***** Available records *****
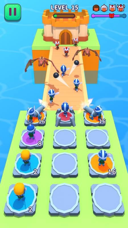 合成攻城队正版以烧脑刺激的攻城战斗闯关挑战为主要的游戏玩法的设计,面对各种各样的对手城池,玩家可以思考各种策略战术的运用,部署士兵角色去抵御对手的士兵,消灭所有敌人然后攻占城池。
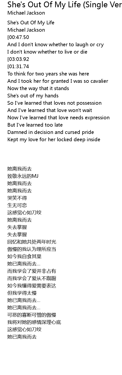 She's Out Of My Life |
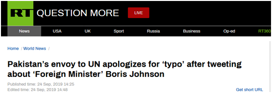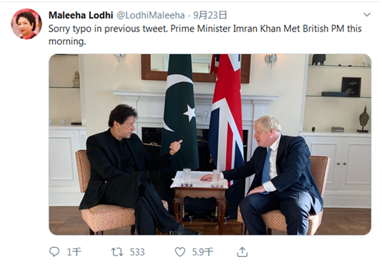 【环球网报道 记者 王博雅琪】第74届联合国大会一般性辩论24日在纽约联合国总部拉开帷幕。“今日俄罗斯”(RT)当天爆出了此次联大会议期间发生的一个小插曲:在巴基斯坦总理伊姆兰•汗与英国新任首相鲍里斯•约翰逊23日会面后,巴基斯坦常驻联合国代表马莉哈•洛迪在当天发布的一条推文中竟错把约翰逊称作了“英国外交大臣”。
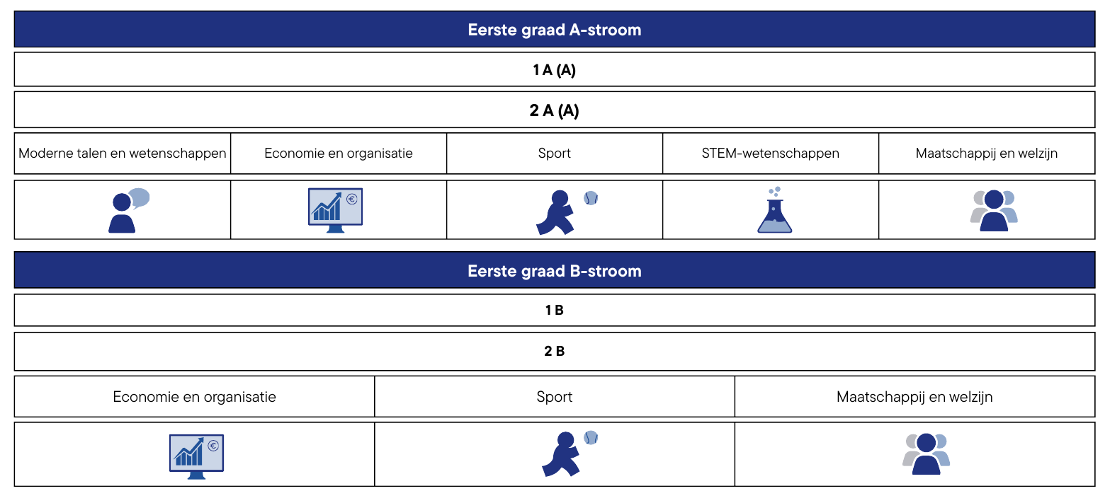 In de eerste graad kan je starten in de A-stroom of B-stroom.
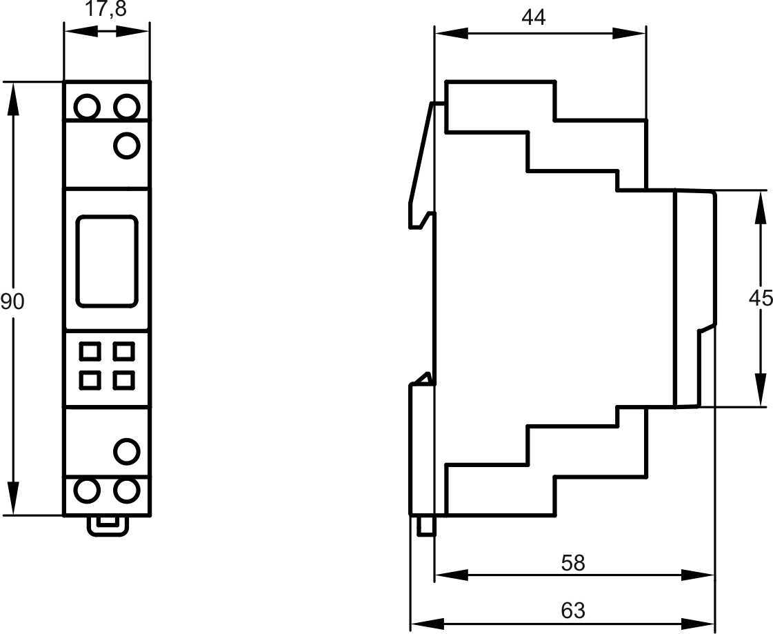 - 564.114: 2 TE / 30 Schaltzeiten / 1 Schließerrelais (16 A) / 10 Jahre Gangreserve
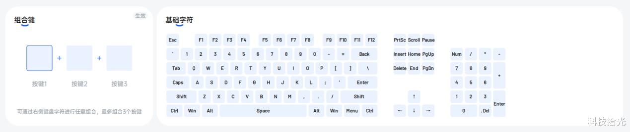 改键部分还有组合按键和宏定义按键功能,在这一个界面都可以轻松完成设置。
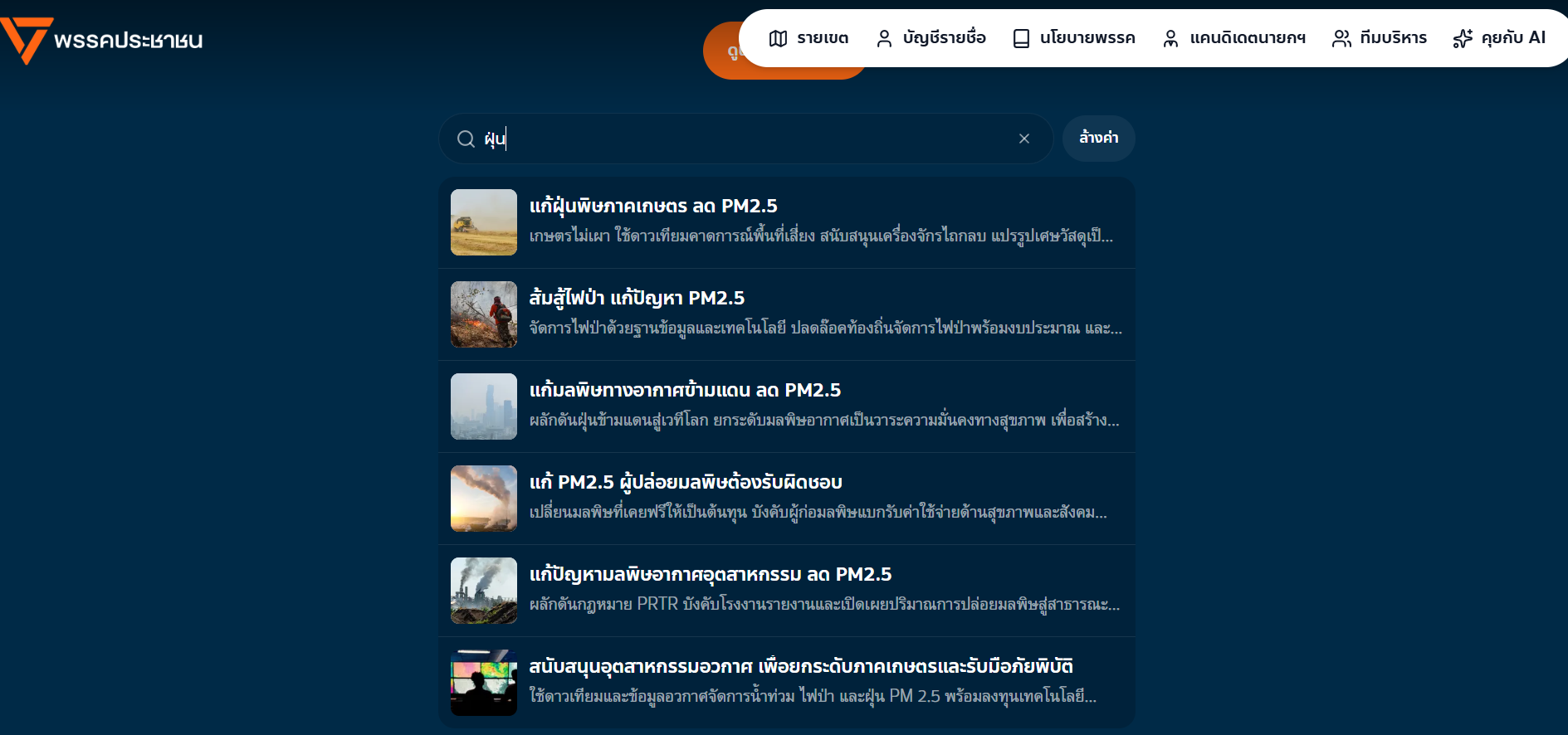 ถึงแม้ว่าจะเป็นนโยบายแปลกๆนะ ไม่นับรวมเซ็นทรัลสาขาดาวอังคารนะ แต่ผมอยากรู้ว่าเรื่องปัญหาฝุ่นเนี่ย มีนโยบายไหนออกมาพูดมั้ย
*****
▸ What this task involves: Here the job is to quote the lines from the one with "She's Out Of My Life |" through the end of the material, both included, exactly; please skip the pictures.

▸ Task answer:
 She's Out Of My Life |
 【环球网报道 记者 王博雅琪】第74届联合国大会一般性辩论24日在纽约联合国总部拉开帷幕。“今日俄罗斯”(RT)当天爆出了此次联大会议期间发生的一个小插曲:在巴基斯坦总理伊姆兰•汗与英国新任首相鲍里斯•约翰逊23日会面后,巴基斯坦常驻联合国代表马莉哈•洛迪在当天发布的一条推文中竟错把约翰逊称作了“英国外交大臣”。
 In de eerste graad kan je starten in de A-stroom of B-stroom.
 - 564.114: 2 TE / 30 Schaltzeiten / 1 Schließerrelais (16 A) / 10 Jahre Gangreserve
 改键部分还有组合按键和宏定义按键功能,在这一个界面都可以轻松完成设置。
 ถึงแม้ว่าจะเป็นนโยบายแปลกๆนะ ไม่นับรวมเซ็นทรัลสาขาดาวอังคารนะ แต่ผมอยากรู้ว่าเรื่องปัญหาฝุ่นเนี่ย มีนโยบายไหนออกมาพูดมั้ย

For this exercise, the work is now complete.